Control of the aroma synthesis during wine fermentation process
Post-doctoral position in automatic control – 18 months - 2022-2023
Alcoholic fermentation is a crucial step in wine making. Generally performed in a batch reactor, it consists mainly of the bioconversion of sugar (from the grapes) into ethanol and CO2. It is the yeasts that carry out this conversion, from which they draw energy for their growth. They therefore play a central role, which explains the importance of studying them to control fermentation.
During the bioconversion of sugar to ethanol, other metabolites (glycerol, organic acids, aroma compounds, etc.) are also synthesized, some of which contribute to the aromatic profile of wine. Among them are esters - and higher alcohols to a lesser extent - which contribute to the fruity aroma of wines (Torrea et al. 2011). As foreign consumers are increasingly attracted to these aromas, there is a willingness of the French winemakers to implement strategies that increase the ester concentration of wines to maintain their export market share. More generally, the challenge is to control the synthesis of aromas during fermentation in order to obtain a target aromatic profile and thus produce personalized wines that meet the different tastes of consumers.
Until now, industrial practices have been essentially dictated by practical considerations of cellar management (Sablayrolles et al. 1996).

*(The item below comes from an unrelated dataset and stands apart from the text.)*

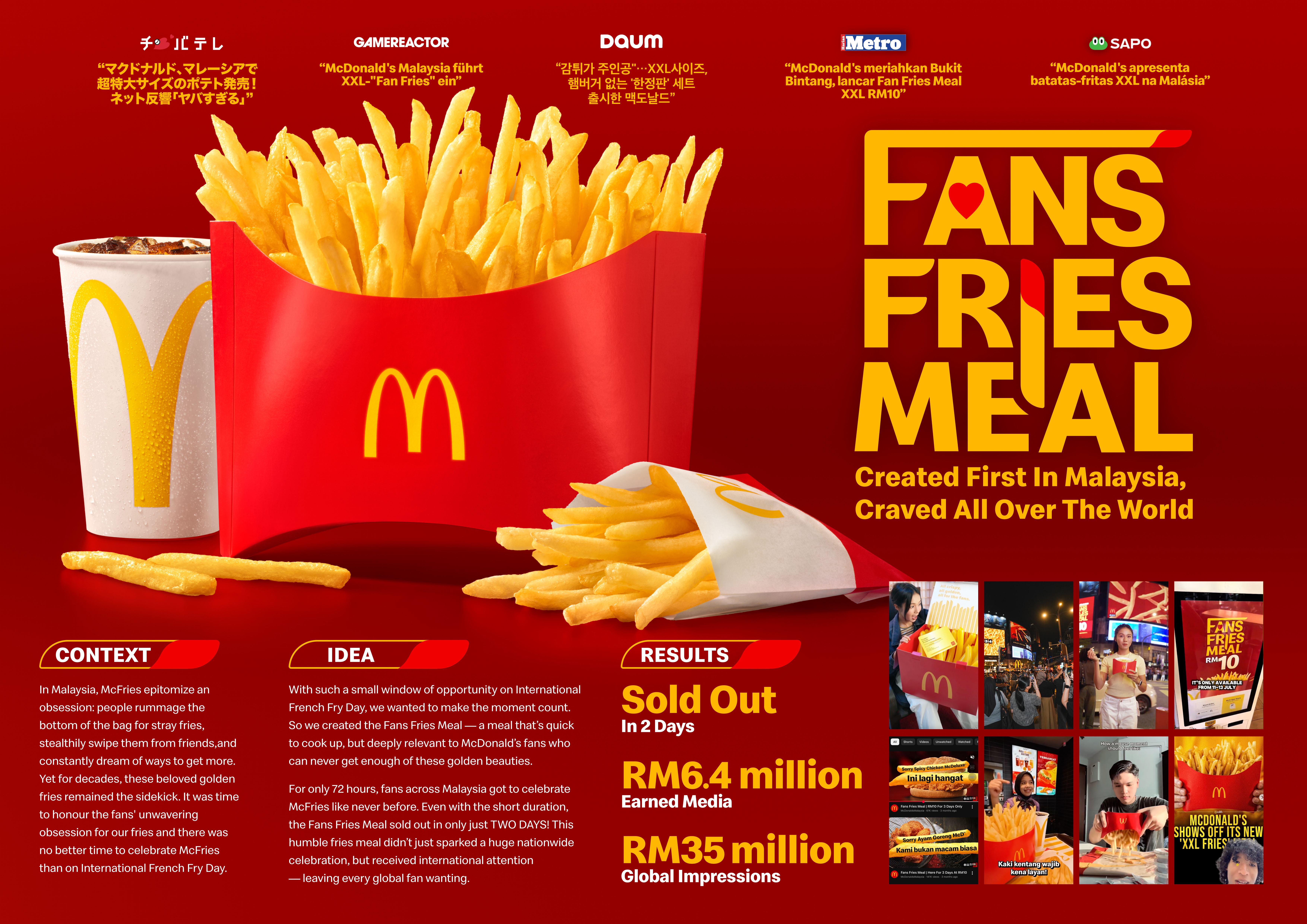 In just the first two days, all 80,000 Fans Fries Meals sold out — earning RM6.4 million in media value and over 35 million global impressions. Proof that even within a short duration, a humble fries meal can spark a moment the world remembers.

The objective is generally to accelerate fermentation, i.e., to speed up the conversion of residual sugar, which is slower at the end of fermentation (when ethanol stress is maximal for the yeasts). To achieve this objective, two practices are commonly used: the addition of nitrogen at the beginning or during fermentation, and the anisothermal fermentation management, which generally consists of increasing the temperature at the end of the process.

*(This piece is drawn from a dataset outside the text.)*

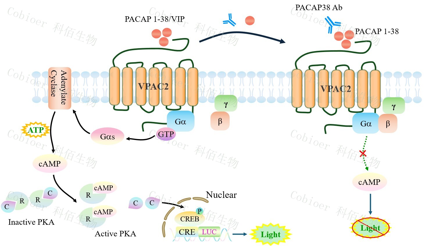 VPAC2 CRE-Luc CHO 報告基因藥靶模型很好的模擬了體內 VPAC2 的信號轉導過(guò)程, 原理見(jiàn)下圖所示。![]() Figure 1. VPAC2 CRE-Luc CHO 細胞模型原理圖 |
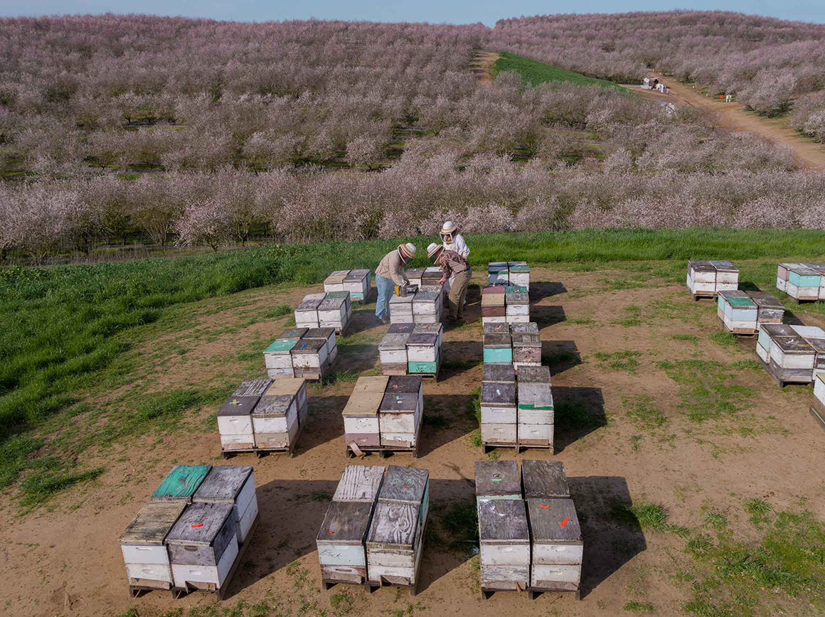 Before the drought, the big concern for almonds was the supply of pollinators. Honeybees began dying in alarming numbers in 2006 due to a phenomenon named Colony Collapse Disorder, the causes of which have never been fully explained. Beehives are now more expensive as permanently higher death rates require faster replacement of hives. But almond demand has given growers incentive to pay more for bees that are trucked in from across the U.S. to help pollinate trees, with the crop being the single biggest user of commercial pollination services. California’s bee population peaks in the first three months of the year—last year’s 1.44 million hives accounted for more than half of all the bees in the U.S., and double the number that had been in the state the previous July.

Yet it has been shown that these practices also influence the final aroma content of the wine, and in different ways depending on the considered aroma (Mouret et al. 2014, Rollero et al. 2015). By modifying the amount of nitrogen added, the timing of the addition, and the anisothermal temperature profile, we can therefore hope to be able to control aroma synthesis and reach a predefined aroma target.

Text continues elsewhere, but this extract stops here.